Sel target aksi minyak atsiri dari tanaman famili Zingiberaceae (rimpang
temu putih) dalam menghambat pertumbuhan bakteri tidak spesifik, karena
kandungan senyawa yang terkandung sangat kompleks (Tripathi, Chawla,
Upadhyay dan Trivedi 2013). Menurut Burt (2004) mekanisme aksi minyak atsiri
dalam menghambat pertumbuhan bakteri dapat melalui beberapa cara, yaitu
dengan menembus dan mendegradasi dinding sel karena sifatnya yang lipofil
sehingga struktur lapisan polisakarida, asam lemak dan pospolipid rusak,
mengkoagulasi sitoplasma, merusak lipid dan protein, mendepolarisasi membran
dengan cara menurunkan potensial membran yang dapat mempengaruhi proton pump dan ATP sehingga permeabilitas membran menjadi tidak normal dan menyebabkan sel lisis. Selain itu, minyak atsiri mempunyai sifat sitotoksik
terhadap bakteri gram positif dan negatif karena mengandung senyawa golongan
alkohol, fenol, dan aldehide. Berikut merupakan hasil pengukuran rerata diameter
Tabel IV. Diameter zona hambat minyak atsiri temu putih terhadap pertumbuhan Staphylococcus epidermidis
Konsentrasi % (v/v)
x,¯ ± SD
Diameter zona hambat (mm) 5 3,93 ± 2,032 7,5 6,01 ± 0,513 10 6,30 ± 0,083 12,5 6,77 ± 0,465 15 7,66 ± 0,549 17,5 7,71 ± 0,571 20 7,79 ± 1,114 Kontrol positif 35,36 ± 0,025 Kontrol negatif (etanol
96%)
0 ± 0
Hasil pengukuran diameter zona hambat menunjukkan bahwa minyak
atsiri temu putih dapat menghambat pertumbuhan Staphylococcus epidermidis. Zona hambat yang terbentuk selanjutnya dianalisis secara statistik. Hasil uji secara
statistik menggunakan One Way ANOVA menunjukkan adanya perbedaan diameter zona hambat yang bermakna dari variasi konsentrasi minyak atsiri temu
putih yang ditunjukkan oleh nilai probabilitas yang dihasilkan, nilai probabilitas
ini menunjukkan paling tidak adanya perbedaan bermakna antara dua kelompok.

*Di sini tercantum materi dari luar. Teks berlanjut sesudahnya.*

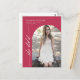 Yay ! Elle a finalement obtenu son diplôme d'études secondaires, collégiales ou universitaires, ou un programme d'études supérieures. Il est donc temps d'informer sa famille et ses amis qu'elle l'a fait ! Célébrez l'un des moments précieux de sa vie et envoyez cette carte postale de faire-part de remise de diplômes. Cette carte postale présente une élégante faire-part de graduation minimaliste moderne avec un magnifique script de calligraphie et la photo du diplômé en forme d'arc sur un arrière - plan viva magenta. Il suffit de customiser et de remplacer le texte et la photo dans la zone de personnalisation. Veuillez noter : Les phrases élégantes du script de calligraphie "elle l'a fait" et "diplômée" ainsi que les lignes et autres illustrations graphiques et éléments ne peuvent pas être modifiés, supprimés, ou déplacés. Elles sont réparées.

Nilai probabilitas uji One Way ANOVA diameter zona hambat pertumbuhan Staphylococcus epidermidis yang terbentuk oleh minyak atsiri temu putih, yaitu 2 x 10-16 (p < 0,05). Analisis diameter zona hambat dilanjutkan dengan analisis Post Hoc menggunakan t-test tidak berpasangan untuk mengetahui kelompok yang mempunyai perbedaan. Berikut merupakan hasil analisis Post Hoc diameter zona hambat terhadap bakteri Staphylococcus epidermidis.

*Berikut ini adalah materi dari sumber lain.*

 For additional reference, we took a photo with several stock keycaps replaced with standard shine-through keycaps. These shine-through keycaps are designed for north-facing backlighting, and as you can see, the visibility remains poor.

Tabel V. Hasil analisis Post Hoc diameter zona hambat minyak atsiri temu putih terhadap pertumbuhan Staphylococcus epidermidis
Perbandingan minyak atsiri temu putih p - value (p < 0,05)
Konsentrasi 15% vs konsentrasi 5% ND Konsentrasi 15% vs konsentrasi 7,5% 0,009549 Konsentrasi 15% vs konsentrasi 10% 0,006049 Konsentrasi 15% vs konsentrasi 12,5% 0,04907 Konsentrasi 15% vs konsentrasi 17,5% 0,4564 Konsentrasi 15% vs konsentrasi 20% 0,4122
Keterangan: ND = Not Determined
Hasil analisis Post Hoc diketahui minyak atsiri temu putih pada konsentrasi 15% memiliki perbedaan yang bermakna dibandingkan dengan
minyak atsiri temu putih pada konsentrasi 5 ; 7,5 ; 10 ; 12,5% (v/v) yang
ditunjukkan dengan nilai probabilitas p < 0,05 dan diketahui tidak memiliki
perbedaan yang bermakna dibandingkan minyak atsiri temu putih pada
konsentrasi 17,5 dan 20% (v/v) dengan nilai probabilitas berturut-turut 0,4564 dan
0,4122 (p > 0,05). Pada uji kontrol negatif tidak dihasilkan zona hambat, hal ini
menunjukkan bahwa pelarut etanol 96% yang digunakan tidak mempunyai
aktivitas antibakteri terhadap Staphylococcus epidermidis. Konsentrasi etanol yang mempunyai aktivitas antibakteri adalah pada konsentrasi 50 – 70% (Cappucino dan Sherman, 2008). Kandungan air dalam etanol 50 – 70% lebih banyak dibandingkan dengan etanol 96%, air dapat berfungsi sebagai katalis,
karena air mampu masuk ke dalam sel bakteri secara osmosis melalui membran
semipermeabel (Iskandar, 2003). Minyak atsiri temu putih pada konsentrasi 15%
merupakan konsentrasi optimal yang dipilih untuk diformulasi dalam sediaan
krim M/A dan sediaan lotion untuk selanjutnya diuji kembali aktivitasnya terhadap Staphylococcus epidermidis.